▶ _THE TASK_: Below are entries with pictures among them; reproduce exactly, and only, the lines from the one containing "Vitamin B6, Magnesium" down to the one containing "Creative beautification in", without the pictures.

▶ _PROVIDED DATA_:
******************************
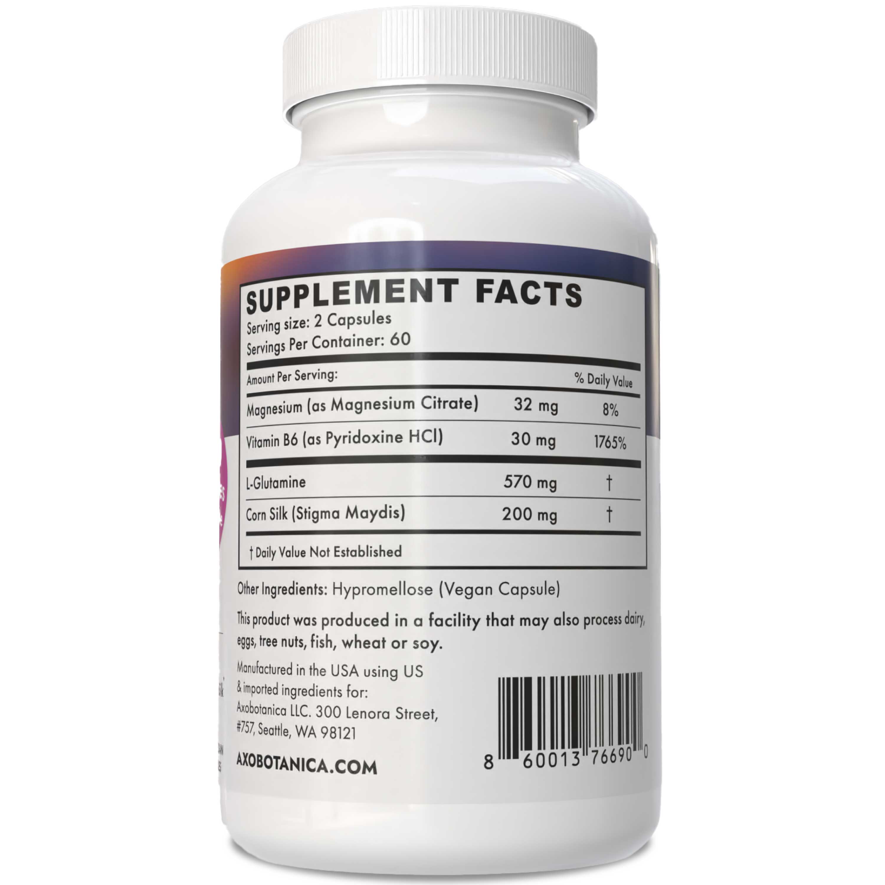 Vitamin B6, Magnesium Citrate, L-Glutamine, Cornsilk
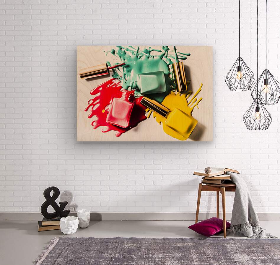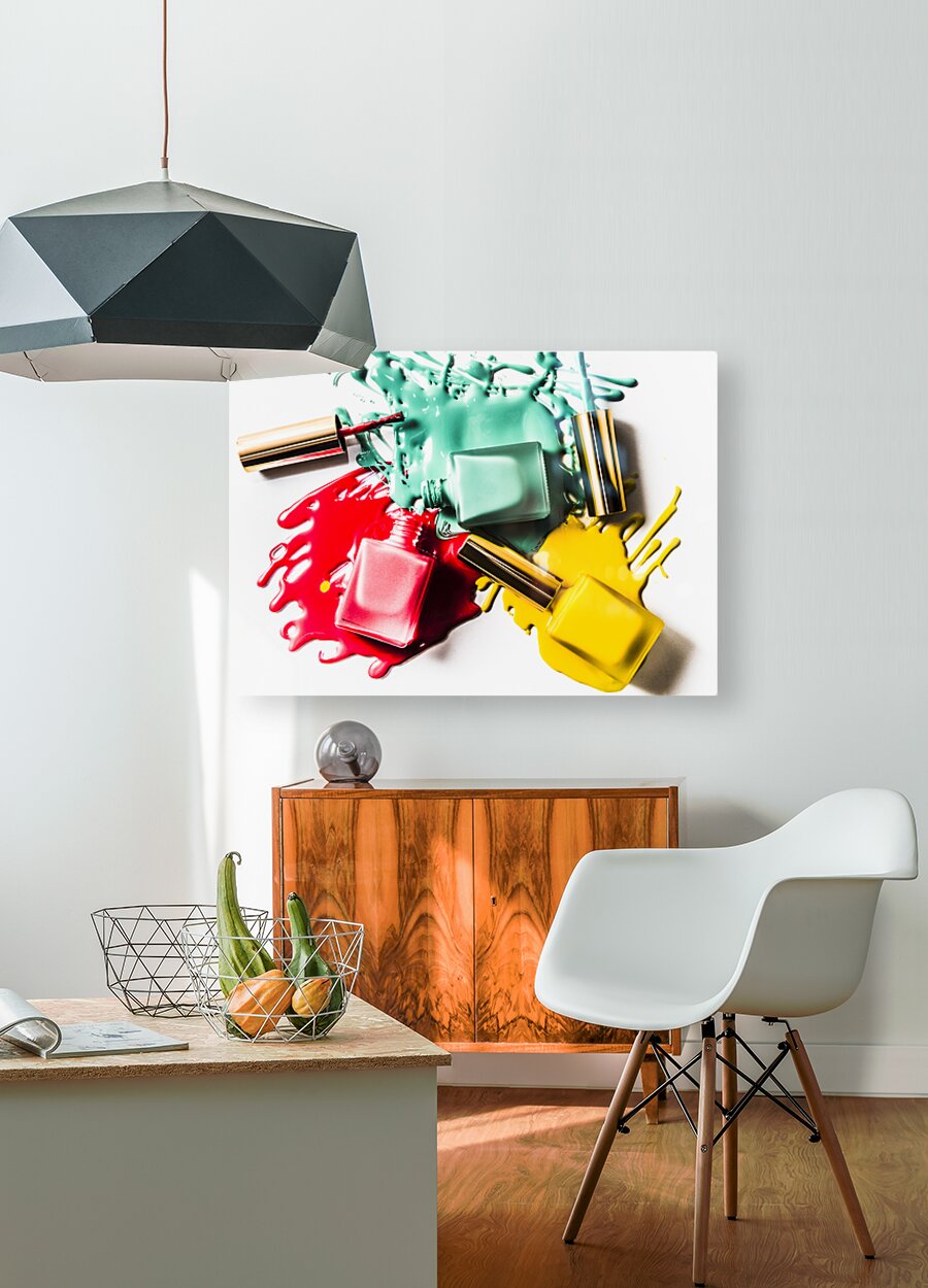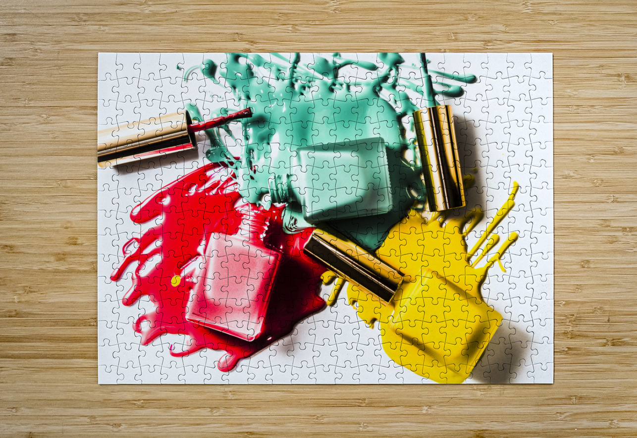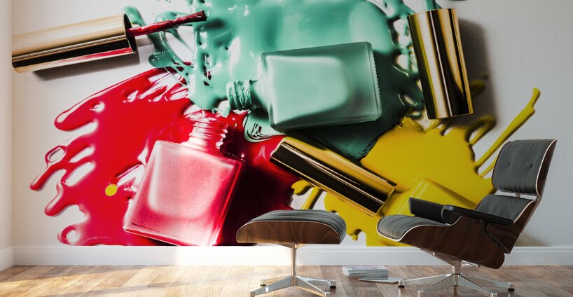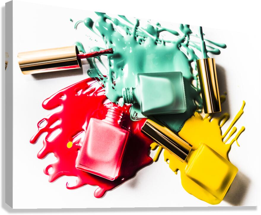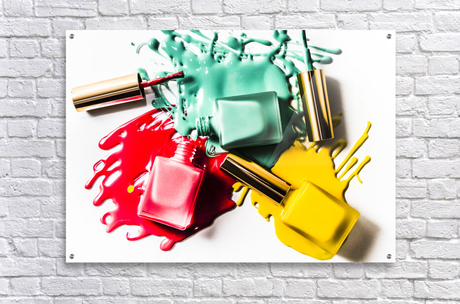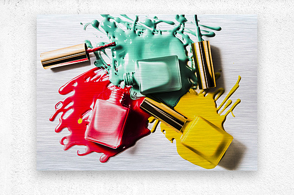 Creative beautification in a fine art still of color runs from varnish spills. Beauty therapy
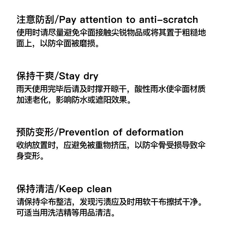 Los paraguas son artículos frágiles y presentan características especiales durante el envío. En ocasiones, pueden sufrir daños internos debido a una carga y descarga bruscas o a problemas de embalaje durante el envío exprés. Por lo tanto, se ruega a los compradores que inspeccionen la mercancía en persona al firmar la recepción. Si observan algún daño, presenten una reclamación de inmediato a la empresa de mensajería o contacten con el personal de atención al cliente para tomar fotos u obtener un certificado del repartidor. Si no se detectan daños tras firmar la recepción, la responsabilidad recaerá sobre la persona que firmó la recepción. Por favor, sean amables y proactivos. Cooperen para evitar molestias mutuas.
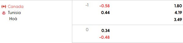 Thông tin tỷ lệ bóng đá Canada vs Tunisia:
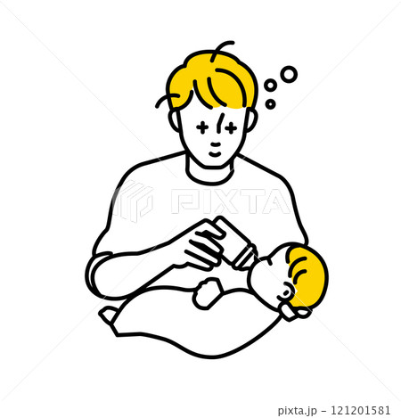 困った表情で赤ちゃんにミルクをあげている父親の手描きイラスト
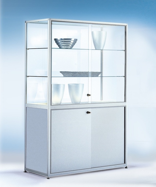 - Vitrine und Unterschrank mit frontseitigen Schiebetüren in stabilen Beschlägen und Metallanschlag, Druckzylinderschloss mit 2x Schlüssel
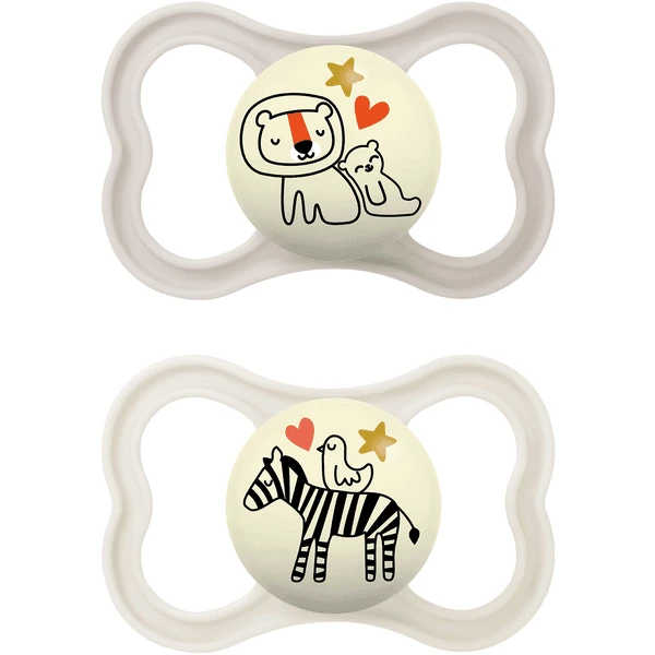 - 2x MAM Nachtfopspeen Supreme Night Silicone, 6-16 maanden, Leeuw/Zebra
******************************
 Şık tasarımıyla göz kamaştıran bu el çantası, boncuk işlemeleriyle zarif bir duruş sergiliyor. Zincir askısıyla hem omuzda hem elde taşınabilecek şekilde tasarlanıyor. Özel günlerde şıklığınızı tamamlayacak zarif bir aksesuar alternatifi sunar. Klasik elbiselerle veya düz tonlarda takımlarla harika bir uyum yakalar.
******************************
▶ _OUTPUT OF THE TASK_:
 Vitamin B6, Magnesium Citrate, L-Glutamine, Cornsilk
 Creative beautification in a fine art still of color runs from varnish spills. Beauty therapy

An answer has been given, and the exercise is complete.